Information included in this section is not fact checked by the Encyclopedia staff. The author of the Narrative is entirely responsible for its content.

I was a student at Van Buren High School, graduating in 1960. The so-called strike in 1958 involved a handful of white students, 10–15.
MOST of us attended classes. The strike was blown out of proportion by Time and Life magazines. There was more disruption for students in 1957 when the Arkansas National Guard was activated and then federalized, causing some of the older students who were members the Guard to be late to class because they had to report to the armory before class.
In Sept. 1958, the strikers circled the high school in their cars with signs and shouts, performing for the TV and magazine reporters.
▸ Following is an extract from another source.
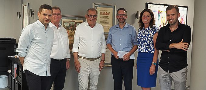 Moritz Müssig, Carsten Koch, beide Geschäftsführer der Karl Eidmann GmbH und Co.KG, Karl Eidmann, Landrat Thorsten Stolz, Bruchköbels Bürgermeisterin Sylvia Braun und Fabian Müssig, ebenfalls Geschäftsführer der Karl-Eidmann GmbH und Co.KG, tauschten sich über die aktuelle Situation des Unternehmens aus (v.l.). Foto: privat

Most of us stood in line awaiting the first bell and went to class after it rang. As for the strikers, those of us non-strikers considered them non-students who were looking for a reason to not attend classes.
Douglas Elementary school in Van Buren was a disgrace. Lincoln High School in Fort Smith was not much better. The students from those schools were not prepared for classes in Van Buren High School due to the lower level expected in the black schools. Their difficulty was due to lack of preparation, not their ability.
One of my classmates was the president of the student body and stood up to the reporters. She was/is one of my friends—a hero for her action in stopping the so-called strike.
Everett Kelly and J .J. Izard were personal friends during all of this. Mr. Izard was my father’s boss. Upon graduation in 1960, Mr. Izard handed me my diploma and later a personal gift. I knew the Norwood family outside of school; Mrs. Norwood cleaned our home. Many times I picked her up at her home and returned her after her work.